If top drawer, Upstairs service is more important than the food and the view, go to Araxi - I usually do. Araxi has great food and service. Since we usually come to Whistler to ski, we eat in the Village, but since it is summer we ventured further from the Village.
If fabulous organic food, unsurpassed views of Green Lake and the mountains and ample portion sizes are more important than the Village scene - then you might have overlooked the Edgewater, we have, and I have been coming to Whistler since 1971. We shared the salads and entrees, switching at half time as we both wanted each item below, but only had appetite for one salad and entrée each. I am writing this, but expressing the comments of the love of my life of 35 year's as well.
Tonight was a slow Thursday night in the restaurant, so it could be the kitchen had time to do their magic, regardless we had a memorable meal.
The service was personal, enjoyable and helpful. Our server was from Pemberton, so a nice person with real people skills, knows the area and likes people, but not slickly dressed, officious and crisp (no black slacks/top and white apron). She was the only server only server, 7 tables! We never lacked for attention or waited for drink or food. She added to our evening and others enjoyed her service as well. It is easy to hear interactions in a small setting.
The restaurant is midcycle in the need for remodeling and updating, So very nice, but not like a new property. This is a lodge, not glam spot. Clean and well maintained.
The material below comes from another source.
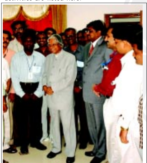
NIC Team along with District Collector, Madurai seen with Hon'ble President of India after a Video Conferencing session from Madurai to Rajasthan

NIC has been a catalytic force in ushering in reawakened government services in our country with appropriate use of ICT. NIC Tamil Nadu State Centre has been providing support to the State in maintaining the leadership position in the E -Readiness pyramid and thereby serving the citizens. NIC is involved actively in most of the Mission Mode Projects identified under National E-Gov Plan. Some of the important activities are listed here.

If food your main passion, then this is the place. The Mixed Artisanal Greens Duck Confit, Truffle Dressing, & Crispy Shallots was PERFECT! The shallots were crisp, NOT battered and deep fried. The duck confit, best yet (Café Mambo in Paia, Maui is second place). The salad greens were well presented and the greens were kissed with zest of a balanced dressing, not slathered and crushed with sugary corn starch mess or over powered with a salty oil and balsamic vinegar blend.
The pounded tuna and prawns were lovely, off set with the fennel and watercress. The portion size of the greens was small, but fresh, crisp, expertly prepared. Very tasty.
The braised lamb shank fell off the bone. The braise stock had a mélange of tasty seasonings in the olive oil that I loved - I eat lamb 1 a week a least and this was great!.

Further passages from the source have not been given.